August 27, 2019; St. Paul’s Cathedral, London, England. Long-time followers know that many of my influences as a photographer are painters and chief among them is the English Romantic artist J.M.W. Turner. Yesterday was his birthday, which was most beautifully and thoroughly celebrated in yesterday’s blog post by Marina Kanavaki.
Take a look. It’s worth the visit.
More than a year ago I posted a story about basking in Turners at the Tate Britain Museum in London in the summer of 2011. My Muse is also a Turner fan so when we were in London again last summer it was a no-brainer for us to go to the Tate and again surrounded ourselves with Turners. That afternoon was as nourishing to us spiritually as the dinner that evening was nourishing physically.
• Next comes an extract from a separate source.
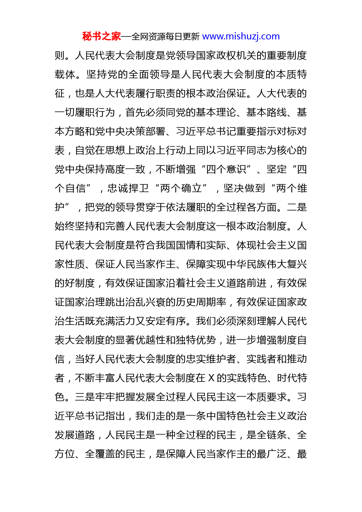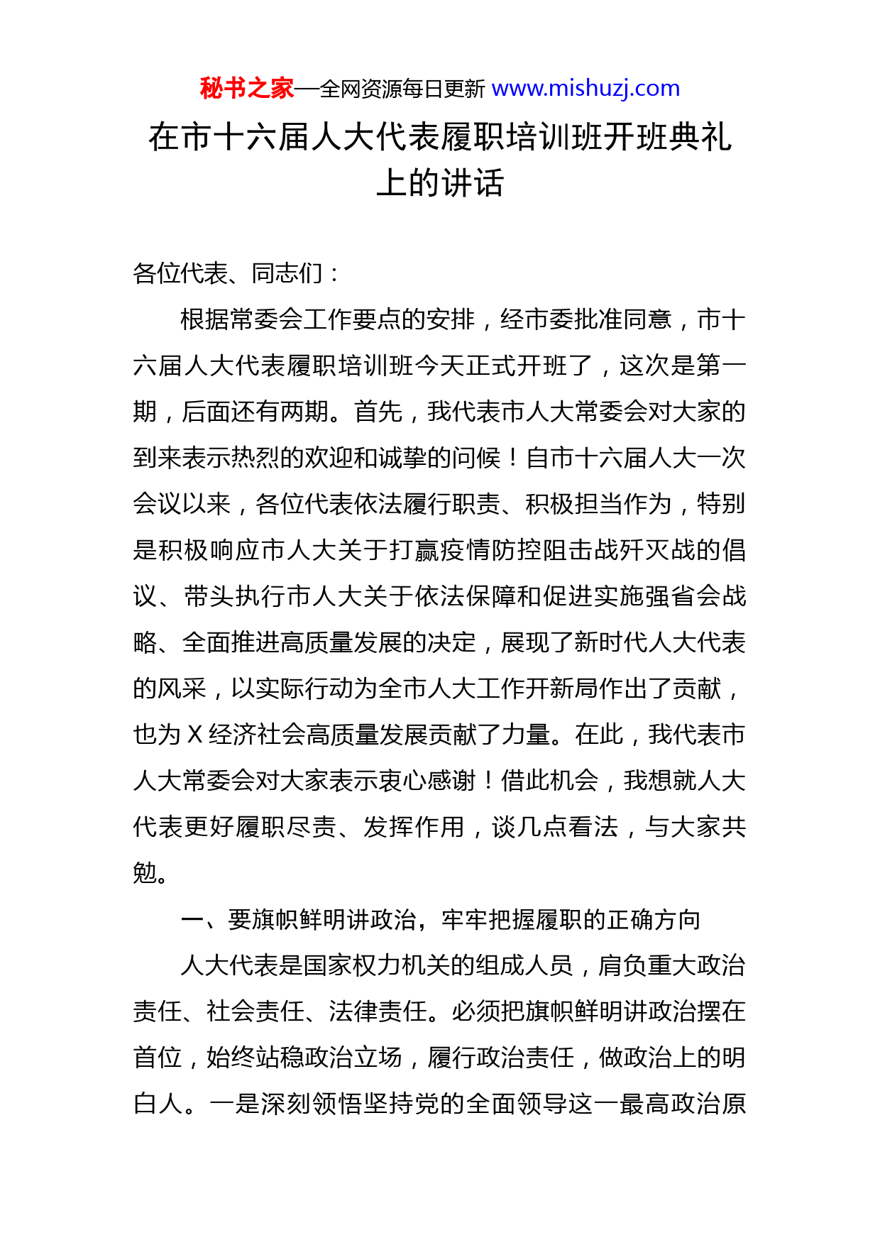 秘书之家—全网资源每日更新www.mishuzj.com在市十六届人大代表履职培训班开班典礼上的讲话各位代表、同志们:根据常委会工作要点的安排,经市委批准同意,市十六届人大代表履职培训班今天正式开班了,这次是第一期,后面还有两期。首先,我代表市人大常委会对大家的到来表示热烈的欢迎和诚挚的问候!自市十六届人大一次会议以来,各位代表依法履行职责、积极担当作为,特别是积极响应市人大关于打赢疫情防控阻击战歼灭战的倡议、带头执行市人大关于依法保障和促进实施强省会战略、全面推进高质量发展的决定,展现了新时代人大代表的风采,以实际行动为全市人大工作开新局作出了贡献,也为X经济社会高质量发展贡献了力量。在此,我代表市人大常委会对大家表示衷心感谢!借此机会,我想就人大代表更好履职尽责、发挥作用,谈几点看法,与大家共勉。一、要旗帜鲜明讲政治,牢牢把握履职的正确方向人大代表是国家权力机关的组成人员,肩负重大政治责任、社会责任、法律责任。必须把旗帜鲜明讲政治摆在首位,始终站稳政治立场,履行政治责任,做政治上的明白人。一是深刻领悟坚持党的全面领导这一最高政治原秘书之家—全网资源每日更新www.mishuzj.com则。人民代表大会制度是党领导国家政权机关的重要制度载体。坚持党的全面领导是人民代表大会制度的本质特征,也是人大代表履行职责的根本政治保证。人大代表的一切履职行为,首先必须同党的基本理论、基本路线、基本方略和党中央决策部署、习近平总书记重要指示对标对表,自觉在思想上政治上行动上同以习近平同志为核心的党中央保持高度一致,不断增强“四个意识”、坚定“四个自信”,忠诚捍卫“两个确立”,坚决做到“两个维护”,把党的领导贯穿于依法履职的全过程各方面。二是始终坚持和完善人民代表大会制度这一根本政治制度。人民代表大会制度是符合我国国情和实际、体现社会主义国家性质、保证人民当家作主、保障实现中华民族伟大复兴的好制度,有效保证国家沿着社会主义道路前进,有效保证国家治理跳出治乱兴衰的历史周期率,有效保证国家政治生活既充满活力又安定有序。我们必须深刻理解人民代表大会制度的显著优越性和独特优势,进一步增强制度自信,当好人民代表大会制度的忠实维护者、实践者和推动者,不断丰富人民代表大会制度在X的实践特色、时代特色。三是牢牢把握发展全过程人民民主这一本质要求。习近平总书记指出,我们走的是一条中国特色社会主义政治发展道路,人民民主是一种全过程的民主,是全链条、全方位、全覆盖的民主,是保障人民当家作主的最广泛、最秘书之家—全网资源每日更新www.mishuzj.com真实、最管用的社会主义民主。人民代表大会制度是实现我国全过程人民民主的重要制度载体,践行全过程人民民主是人大工作、人大代表履职的重要时代课题。要深刻把握习近平总书记关于发展全过程人民民主的重要要求,深入践行全过程人民民主重要理念,忠实代表人民利益和意志,依法参加行使国家权力,切实为人民用权、为人民履职、为人民服务。二、要深学笃行强本领,不断夯实履职的能力基础履行好代表职务、发挥出代表作用,履职能力是前提基础。本届504名代表中,有318名同志是新任代表,占代表总数的63%。因此,最首要的任务就是加强学习,提升履职本领。一要加强学习政治理论。理论是行动的先导,思想是前进的旗帜。要坚持以习近平新时代中国特色社会主义思想为指引,深入学习习近平法治思想、习近平总书记关于坚持和完善人民代表大会制度的重要思想、习近平总书记在中央人大工作会议上的讲话精神以及习近平总书记系列重要讲话重要指示批示精神,学习贯彻党的十九届六中全会、全国“两会”精神,深刻领悟党中央路线方针政策和省委、市委的重大决策部署,做到以理论清醒保证政治坚定、以思想自觉引领行动自觉。二要加强学习法律知识。熟练掌握法律法规、人民代表大会的议事规则和工作程序是人大代表必备的基本功,也是履行好宪法和法律秘书之家—全网资源每日更新www.mishuzj.com赋予各项职责的前提条件。要主动学法,熟练掌握宪法、地方组织法、选举法、代表法、监督法等基本法律和有关法律法规。要模范守法,尊崇法治、敬畏法律,严格依照法律行使自己享有的权利和履行自己应尽的义务。要善于用法,不断提高运用法治思维和法治方式深化改革、推动发展、化解矛盾、维护稳定的能力,自觉运用法律的武器维护人民群众的合法权利和利益。三要加强学习履职业务。要系统学习人大工作制度、程序,准确把握人大工作特点、要求和规律,明晰法定权限、熟知法定程序、善用法定权力,坚决不做门外汉、不说外行话、不干外行事。同时,人大工作涉及经济、政治、文化、社会、生态文明建设等方方面面,单凭代表固有的知识结构和过去的工作经验是不够的,必须广泛学习各方面知识,加快知识更新、优化知识结构、拓宽眼界和视野,全面提升履职能力和水平。三、要创新实干善作为,着力提升履职的实际效果人大代表是人民代表大会的主体。代表作用的发挥,关系到国家权力的有效行使,关系到人大的形象权威,关系到人民当家作主权利的实现与否。每一名人大代表都必须强化履职担当、抓住履

A few days later we toured St. Paul’s Cathedral. One of the most fascinating parts of the tour was a visit to the crypt, which is, fittingly, below ground level. More than two hundred notables are buried there, including the Duke of Wellington, Lord Nelson, Florence Nightingale, Arthur Sullivan, William Blake, Laurence of Arabia, and of course, Christopher Wren, who designed the cathedral.
As we were listening to the docent describe Wren’s tomb, it occurred to me that Turner must be buried somewhere in the crypt and I considered detaching myself from the group to look for his grave. Just at that moment someone nearly stepped on my foot, and as I reflexively looked down, I discovered that I’d been standing on Turner’s grave for several minutes.
I hasten to add that I consider it disrespectful to stand on a grave, but it is impossible not to in the crypt because they are all so close together. Still, I stepped off of it and stared silently at the stone as every Turner painting I had ever seen flashed through my mind.
When the crowd cleared, I documented the moment.
A belated happy birthday to you, William, wherever you are. And I’m sorry about standing on your grave.
(Canon G7X II. RAW processing in DxO PhotoLab 3.2; Editing in Adobe Photoshop.)